On a textual level, I think the enduring and surreal violence Sienna and Jonathan endure throughout the series is a perfect metaphor for continuing through life after an assault of that magnitude and cruelty. The aftershocks of violence that permeate your whole being, long after society expects you to have just “gotten over it”. To walk through life, afflicted by paranoia, self-doubt, and self-hatred. To navigate being around other people after having experienced that, and more importantly, living without justice for the crimes done to you, is unthinkable.
True Crime and Horror Collide
And the way that the Terrifier franchise mocks a true crime culture that trivializes that suffering, something a lot of horror fans have to decry as the space tries to worm into the horror genre at large, gives another layer of credence and reality to the misery of Arts victims. Victims who have to see their pain commodified and treated as a tool, something many victims of sexual assault themselves have been forced through thanks to true crime.

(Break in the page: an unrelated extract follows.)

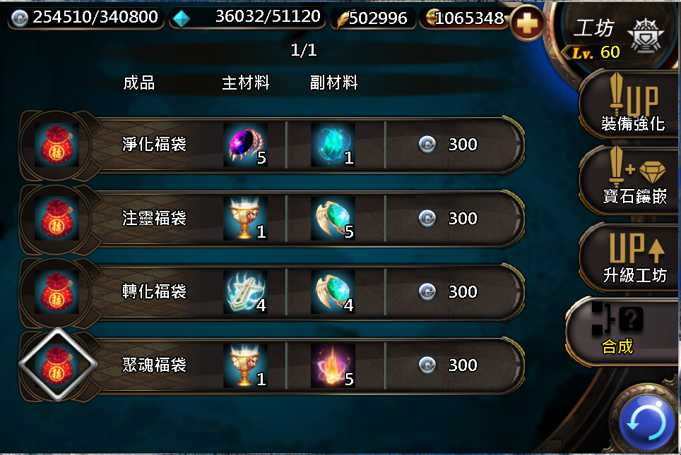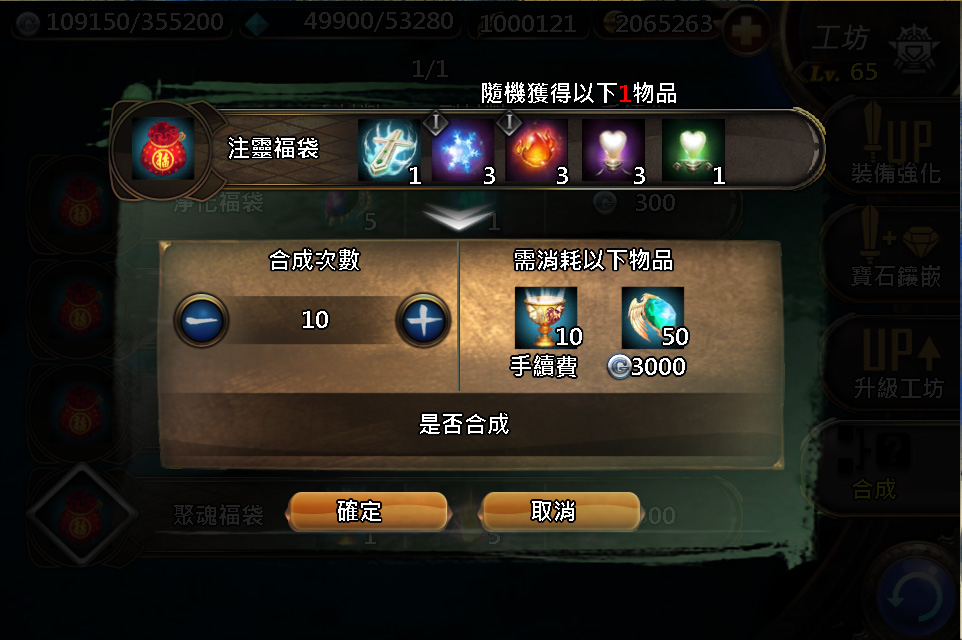 『合成系統』的出現,讓寶石從單一屬性變成多屬性;征戰掉落道具由完成任務至現在可合成為更有用的裝備甚至英雄!『合成系統』的出現改變了遊戲英雄與寶石的獲得的模式和使用。進入『合成系統』後,領主們會看到有四大選項,分別為『熱門合成』、『初級寶石合成』、『中級寶石合成』及『高級寶石合成』。除寶石合成外,其餘的合成都歸屬於『熱門合成』,此項內含各種福袋,最高等級的寶物有「裁決之刃」(傳奇)與「黃蓋」(傳奇),特別一提,「裁決之刃」是目前升級成長幅度最高的武器,也是目前最強的武器。大家趕快去收集合成素材,夢幻寶物不是夢!
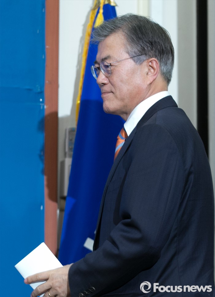 (서울=포커스뉴스) 문재인 더불어민주당 대표가 14일 오후 서울 여의도 국회에서 지난 2012년 대선 당시 박근혜 대통령의 경제민주화 공약을 만든 김종인 전 의원을 조기선대위원장으로 영입한 것과 관련 기자간담회를 위해 입장하고 있다.

And despite each film seeming to end off worse than the last, Leone highlights the grace of a victim escaping that pain and trauma by giving Sienna the means to fight back. Supernaturally granted or otherwise, it is a perfect encapsulation of victims’ desires to overcome seemingly unending suffering, that will to live, to thrive, that burns bright in all victims. It’s a glimmer of hope in a mostly hopeless franchise, and it serves as a mirror to the light at the end of the tunnel many sexual assault victims strive to reach.
At the end of the day, artists don’t really get to buy in or buy out of how political their art is, the same way you don’t get to buy in or buy out of living in a political system. Much like Art’s random and unpredictable violence, it sort of just happens to you. It happens whether it’s the high concept art film horror, or what most people see as a bog-standard dumb killer clown movie. But to embrace that political nature is one of the most important things you can do as an artist.
To leave that meaning behind, to try and void art of the political messaging people might find in it, is to do a great disservice to the people who found comfort and joy in that message. Because once that vessel has been emptied of the love people can find in it, the hate people had isn’t going to stay inside of it for long.
That hollowed art won’t be overflowing with a new audience of people. It will simply be empty.